Let ${a_1} = - {\omega ^2} + i{\gamma _1}\omega + \omega _a^2, \ {a_2} = - {\omega ^2} + i{\gamma _2}\omega + \omega _b^2, \ {a_3} = - {\omega ^2} + i{\gamma _3}\omega + \omega _c^2$

The magnitude of electric dipole ${Q_1}$, ${Q_2}$ and ${Q_3}$ can be obtained:

(2)$${Q_1} = \frac{{{g_1}({a_2}{a_3} - {k_{23}}{k_{32}}){E_0} + {g_2}({k_{32}}{k_{13}} - {k_{12}}{a_3}){E_0}}}{{{a_1}{a_2}{a_3} + {k_{12}}{k_{23}}{k_{31}} + {k_{13}}{k_{21}}{k_{32}} - {k_{23}}{k_{32}}{a_1} - {k_{13}}{k_{31}}{a_2} - {k_{21}}{k_{12}}{a_3}}}$$

(3)$${Q_2} = \frac{{{g_1}({k_{23}}{k_{31}} - {k_{21}}{a_3}){E_0} + {g_2}({a_1}{a_3} - {k_{12}}{k_{31}}){E_0}}}{{{a_1}{a_2}{a_3} + {k_{12}}{k_{23}}{k_{31}} + {k_{13}}{k_{21}}{k_{32}} - {k_{23}}{k_{32}}{a_1} - {k_{13}}{k_{31}}{a_2} - {k_{21}}{k_{12}}{a_3}}}$$

(4)$${Q_3} = \frac{{{g_1}({k_{21}}{k_{32}} - {k_{31}}{a_2}){E_0} + {g_2}({k_{31}}{k_{12}} - {k_{32}}{a_1}){E_0}}}{{{a_1}{a_2}{a_3} + {k_{12}}{k_{23}}{k_{31}} + {k_{13}}{k_{21}}{k_{32}} - {k_{23}}{k_{32}}{a_1} - {k_{13}}{k_{31}}{a_2} - {k_{21}}{k_{12}}{a_3}}}$$

The susceptibility of PIT metamaterials can be determined:

(5)$$\chi = \frac{{{g_1}({a_2}{a_3} + {k_{23}}{k_{31}} - {k_{32}}{k_{23}} - {k_{21}}{a_3}) + {g_2}({a_1}{a_3} + {k_{32}}{k_{13}} - {k_{13}}{k_{31}} - {k_{12}}{a_3})}}{{{a_1}{a_2}{a_3} + {k_{12}}{k_{23}}{k_{31}} + {k_{13}}{k_{21}}{k_{32}} - {k_{23}}{k_{32}}{a_1} - {k_{13}}{k_{31}}{a_2} - {k_{21}}{k_{12}}{a_3}}}$$

The transmission spectrum of PIT metamaterials can be obtained:

(6)$$|t |= |{{{c(1 + n)} \mathord{\left/ {\vphantom {{c(1 + n)} {[{c(1 + n) - i\omega x} ]}}} \right.} {[{c(1 + n) - i\omega x} ]}}} |$$

Figure 8 is the transmission spectra of PIT based on simulated and mode.

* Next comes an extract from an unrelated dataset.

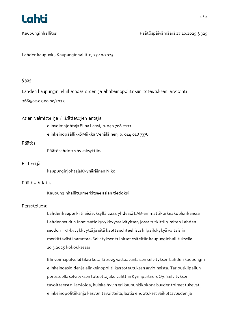 Dynasty tietopalvelu Haku RSS Lahden kaupunki

The unit of modeling parameters is GHz. ${\kappa _{12}} = 14,\ {\kappa _{21}} = 5.6,\ {\kappa _{13}} = - 14,\ {\kappa _{31}} = 6,\ {\kappa _{23}} = - 4.5,\ {\kappa _{32}} = - 28$ ${g_1} = - 5.3,\ {g_2} = - 3.7,\ {r_1} = 0.25,\ {r_2} = - 0.01,\ {r_3} = 0.17.$ The transmission window based on mole is similar to the transmission window based on simulated as shown in Fig. 8, the difference between them is frequency shift, which is caused by the difference of substrate (FR-4 dielectric-slab) in simulated and model. In model, the dissipation factor of substrate has not been considered, which leads to frequency shift. From Fig. 8, We can conclude that the linearly coupled Lorentz oscillator mode can be used to analyse coupling process between SRR, square wire and cut wire.

Fig. 8. The transmission spectra of two transmission window PIT based on simulated and model.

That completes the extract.